Below are some records. Write out exactly their lines from the one with "Если кто-то не" through the one with "UK production of", and leave the pictures behind.

---------- DATASET ENTRIES ----------

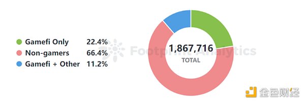 我们调研了市面上 315 款具有 NFT 资产交易功能的 Web3 游戏,发现其中几乎半数项目的核心交易都场景发生在 Opensea 中。根据 Footprint 的数据,所有在 Opensea 进行过交易的地址中,66% 的地址此前从没交易过游戏类协议的资产,仅有22%可被定义为游戏玩家,此外还有 11% 的用户不只交易游戏类资产,还包括 Defi、头像类 NFT 等其他类别。
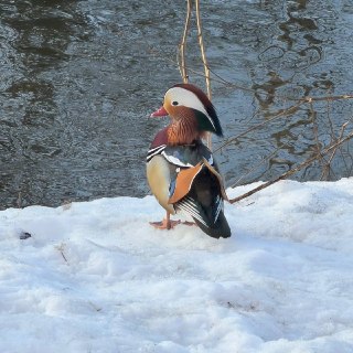 Если кто-то не знает — это краснокнижная утка-мандаринка.
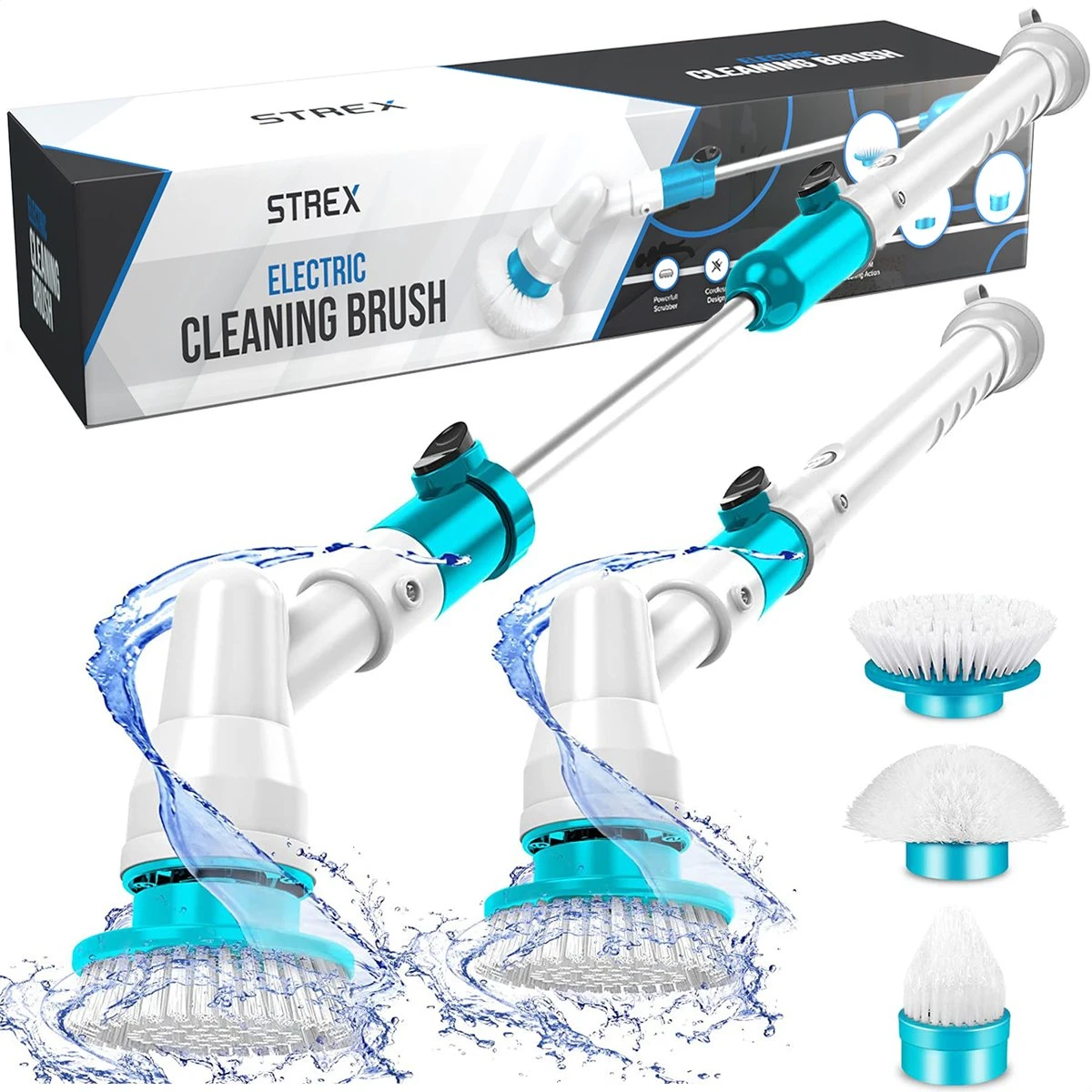 Strex Elektrische Schoonmaakborstel – Draadloze Schrobborstel – Schrobber – 3 Opzetstukken – Telescoopsteel – Poetsmachine Met Krachtige Accu
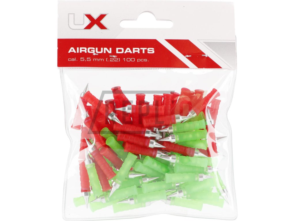 Umarex vzduchovkové šipky kalibru 5,5mm, kovová střela s plastovým tělem a vyšší hmotností.Pro snadné přiřazení zásahů je 50 šipek červených a 50 zelených.
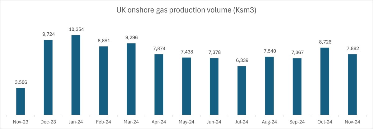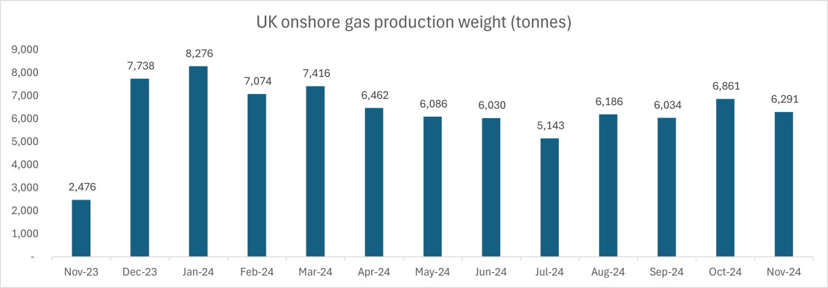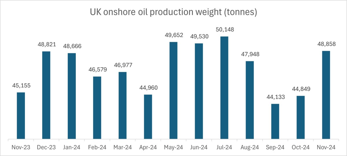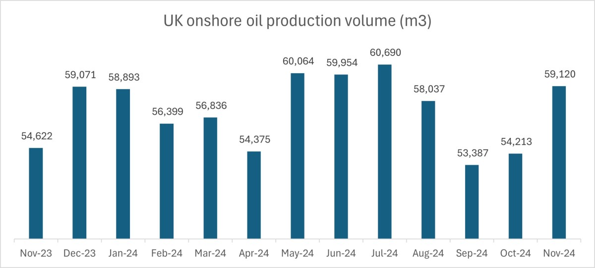 UK production of onshore oil was up in November 2024 but onshore gas was down, according to official figures just released.
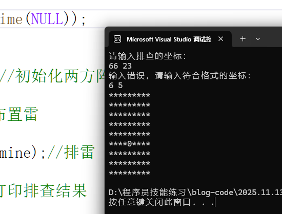 chonglai:scanf("%d%d", &a, &b);if (a >= 1 && a <= 9 && b >= 1 && b <= 9){if (landmine[a][b] == 1){printf("你踩到雷了,炸死,游戏结束");return;}else{// 新增:判断坐标是否已排查if (showmine[a][b] != '*'){printf("该坐标已排查,请重新输入:");goto chonglai;}int c = 0; // 存储周围雷数// 后续雷数计算逻辑不变...int i;for (i = a - 1; i <= a + 1; i++){int j;for (j = a - 1; j <= a + 1; j++){c += landmine[i][j];}}showmine[a][b] = c + 48;}}else{printf("输入错误,请输入符合格式的坐标:");goto chonglai;}}
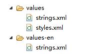 创建values-en文件夹,并创建英文版的strings.xml文件。
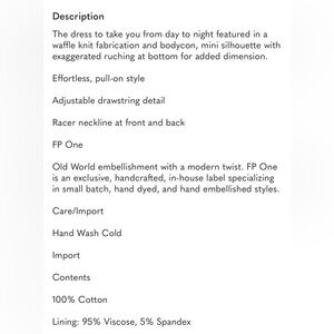 FREE PEOPLE One Thermal Mini Dress Size Large
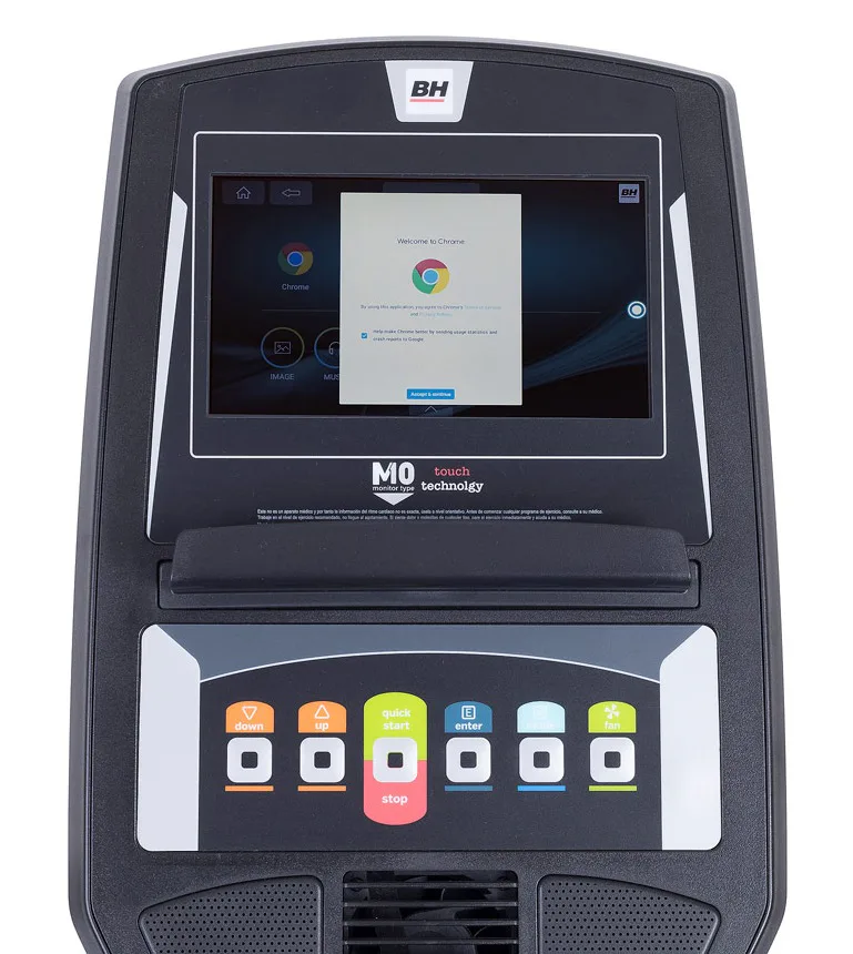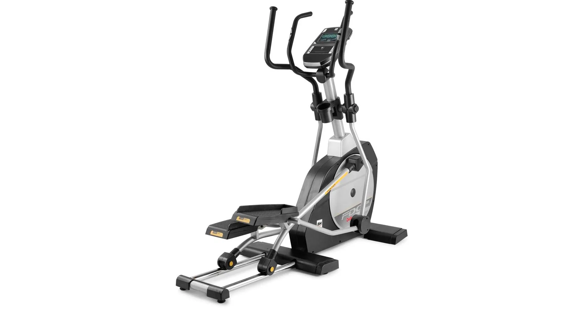Eliptický trenažér BH Fitness FDC19 TFT je vybaven přehledným počítačem s moderním dotykovým displejem a wifi, držákem na tablet/smartphone, senzory na měření tepové frekvence, transportními kolečky a vyrovnávači nerovnosti.

----------

◆ RESULT ◆
 Если кто-то не знает — это краснокнижная утка-мандаринка.
 Strex Elektrische Schoonmaakborstel – Draadloze Schrobborstel – Schrobber – 3 Opzetstukken – Telescoopsteel – Poetsmachine Met Krachtige Accu
 Umarex vzduchovkové šipky kalibru 5,5mm, kovová střela s plastovým tělem a vyšší hmotností.Pro snadné přiřazení zásahů je 50 šipek červených a 50 zelených.
 UK production of onshore oil was up in November 2024 but onshore gas was down, according to official figures just released.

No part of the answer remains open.